[[ Data to use open ]]

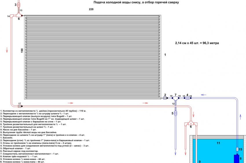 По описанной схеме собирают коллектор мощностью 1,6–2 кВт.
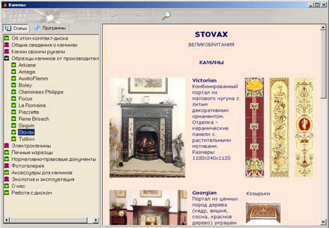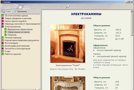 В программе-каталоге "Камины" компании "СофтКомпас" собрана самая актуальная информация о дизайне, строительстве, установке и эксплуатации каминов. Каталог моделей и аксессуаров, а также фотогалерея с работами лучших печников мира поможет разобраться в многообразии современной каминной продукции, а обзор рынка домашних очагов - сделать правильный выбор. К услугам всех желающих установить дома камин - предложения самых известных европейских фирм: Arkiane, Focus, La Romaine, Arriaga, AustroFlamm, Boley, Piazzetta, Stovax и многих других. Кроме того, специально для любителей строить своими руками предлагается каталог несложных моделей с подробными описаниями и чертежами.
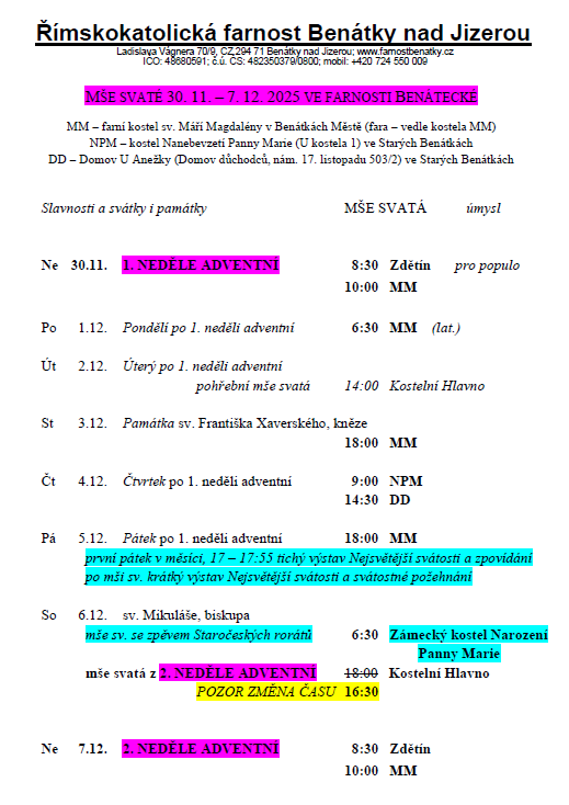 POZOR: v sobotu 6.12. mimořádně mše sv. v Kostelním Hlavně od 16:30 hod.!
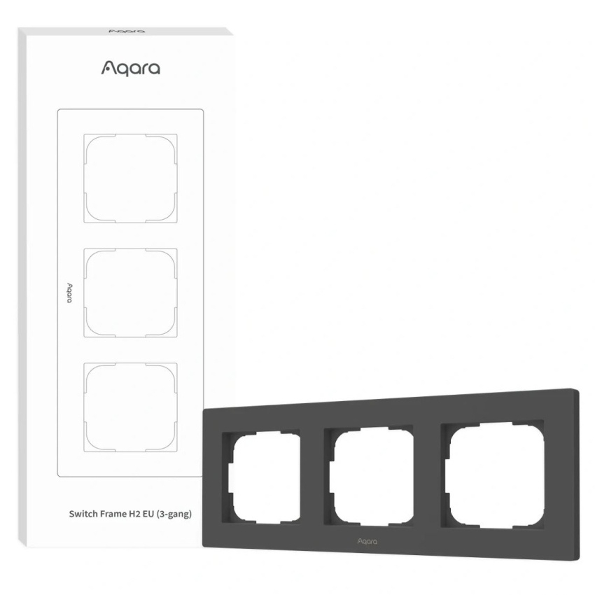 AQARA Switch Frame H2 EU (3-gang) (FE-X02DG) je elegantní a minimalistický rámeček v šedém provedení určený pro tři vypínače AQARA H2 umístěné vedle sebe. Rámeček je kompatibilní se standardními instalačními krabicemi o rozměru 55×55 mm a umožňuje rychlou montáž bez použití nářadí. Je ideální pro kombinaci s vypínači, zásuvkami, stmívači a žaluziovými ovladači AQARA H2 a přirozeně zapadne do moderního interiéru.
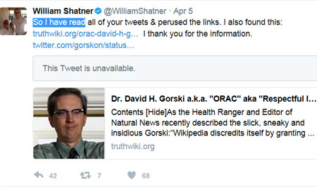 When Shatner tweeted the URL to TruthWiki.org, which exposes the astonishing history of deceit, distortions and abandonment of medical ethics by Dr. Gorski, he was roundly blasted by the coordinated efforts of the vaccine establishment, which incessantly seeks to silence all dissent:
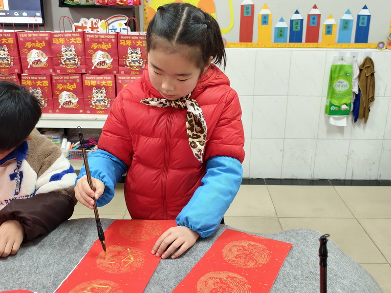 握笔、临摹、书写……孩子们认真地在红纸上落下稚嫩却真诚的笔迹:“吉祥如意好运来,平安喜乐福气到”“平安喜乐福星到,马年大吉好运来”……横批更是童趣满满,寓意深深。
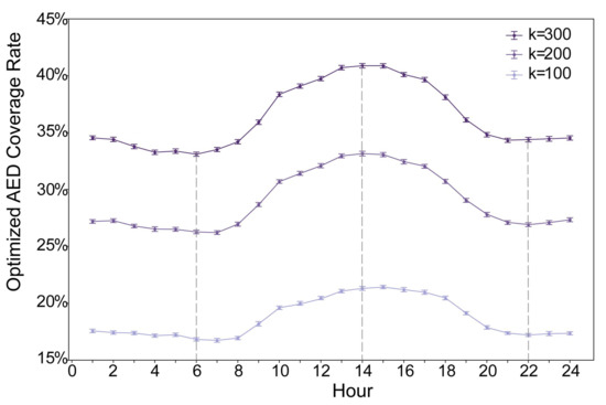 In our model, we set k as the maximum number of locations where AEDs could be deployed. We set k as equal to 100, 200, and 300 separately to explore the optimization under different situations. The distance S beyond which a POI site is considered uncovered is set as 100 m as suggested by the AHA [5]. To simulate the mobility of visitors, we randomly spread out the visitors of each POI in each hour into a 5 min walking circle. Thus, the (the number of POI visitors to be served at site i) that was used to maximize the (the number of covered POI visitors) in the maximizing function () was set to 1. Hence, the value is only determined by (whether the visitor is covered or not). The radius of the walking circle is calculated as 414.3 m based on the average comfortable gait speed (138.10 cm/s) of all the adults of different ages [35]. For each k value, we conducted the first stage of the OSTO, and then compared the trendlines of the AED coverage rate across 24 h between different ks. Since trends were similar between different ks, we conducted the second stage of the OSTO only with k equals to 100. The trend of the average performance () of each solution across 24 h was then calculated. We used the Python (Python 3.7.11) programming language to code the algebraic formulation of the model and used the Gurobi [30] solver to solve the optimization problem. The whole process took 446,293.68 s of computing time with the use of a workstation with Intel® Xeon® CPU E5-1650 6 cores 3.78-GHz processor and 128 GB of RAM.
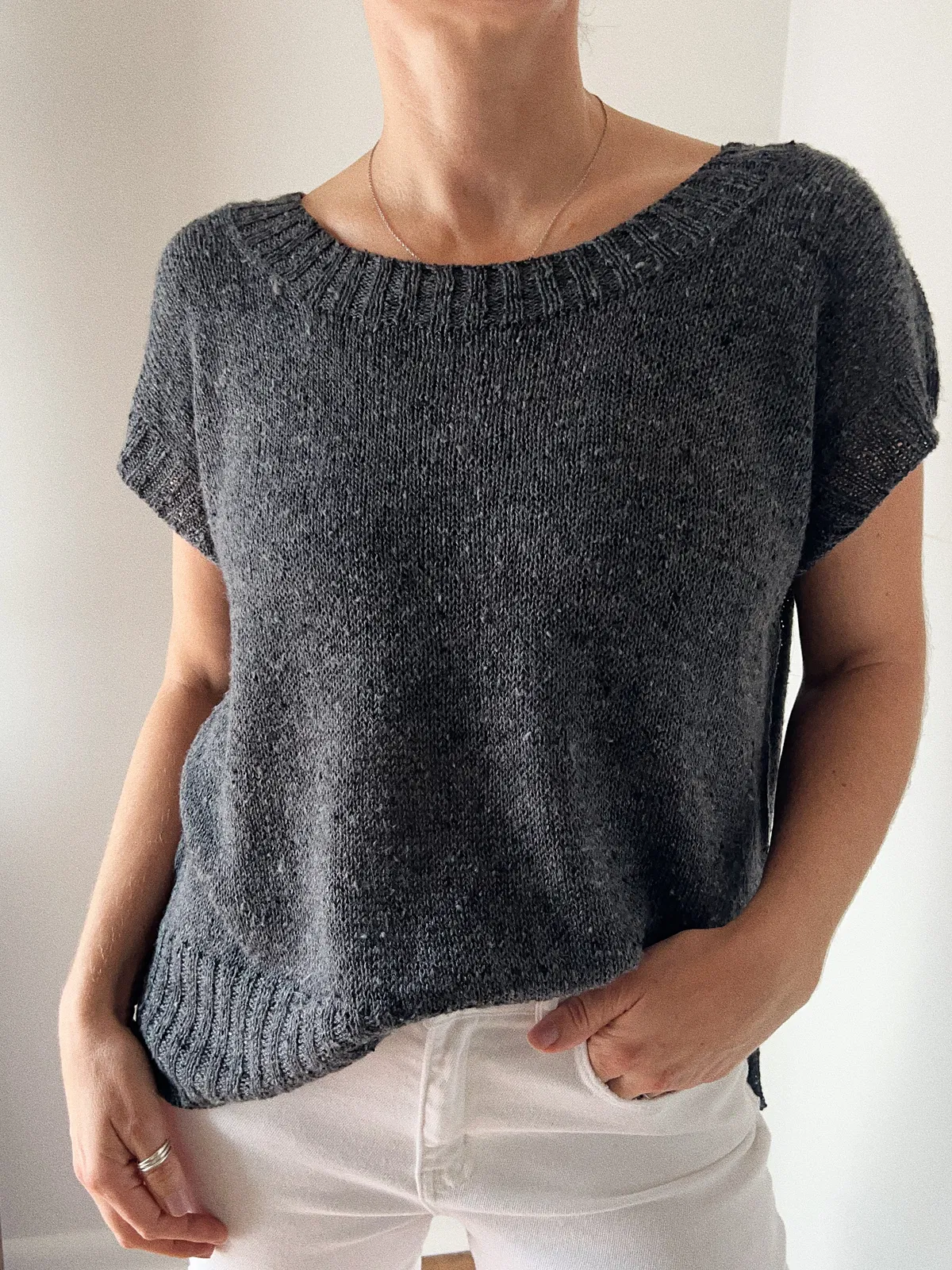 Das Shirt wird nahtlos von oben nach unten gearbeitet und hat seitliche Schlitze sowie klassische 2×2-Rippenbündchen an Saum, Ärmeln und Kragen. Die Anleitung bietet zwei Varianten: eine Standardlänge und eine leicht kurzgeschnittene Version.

[[ Data to use closed ]]

# What this task involves:
Nothing but the lines from the first line of the data above through the line holding "AQARA Switch Frame" may appear in the response, copied exactly and without pictures.

# Solution:
 По описанной схеме собирают коллектор мощностью 1,6–2 кВт.
 В программе-каталоге "Камины" компании "СофтКомпас" собрана самая актуальная информация о дизайне, строительстве, установке и эксплуатации каминов. Каталог моделей и аксессуаров, а также фотогалерея с работами лучших печников мира поможет разобраться в многообразии современной каминной продукции, а обзор рынка домашних очагов - сделать правильный выбор. К услугам всех желающих установить дома камин - предложения самых известных европейских фирм: Arkiane, Focus, La Romaine, Arriaga, AustroFlamm, Boley, Piazzetta, Stovax и многих других. Кроме того, специально для любителей строить своими руками предлагается каталог несложных моделей с подробными описаниями и чертежами.
 POZOR: v sobotu 6.12. mimořádně mše sv. v Kostelním Hlavně od 16:30 hod.!
 AQARA Switch Frame H2 EU (3-gang) (FE-X02DG) je elegantní a minimalistický rámeček v šedém provedení určený pro tři vypínače AQARA H2 umístěné vedle sebe. Rámeček je kompatibilní se standardními instalačními krabicemi o rozměru 55×55 mm a umožňuje rychlou montáž bez použití nářadí. Je ideální pro kombinaci s vypínači, zásuvkami, stmívači a žaluziovými ovladači AQARA H2 a přirozeně zapadne do moderního interiéru.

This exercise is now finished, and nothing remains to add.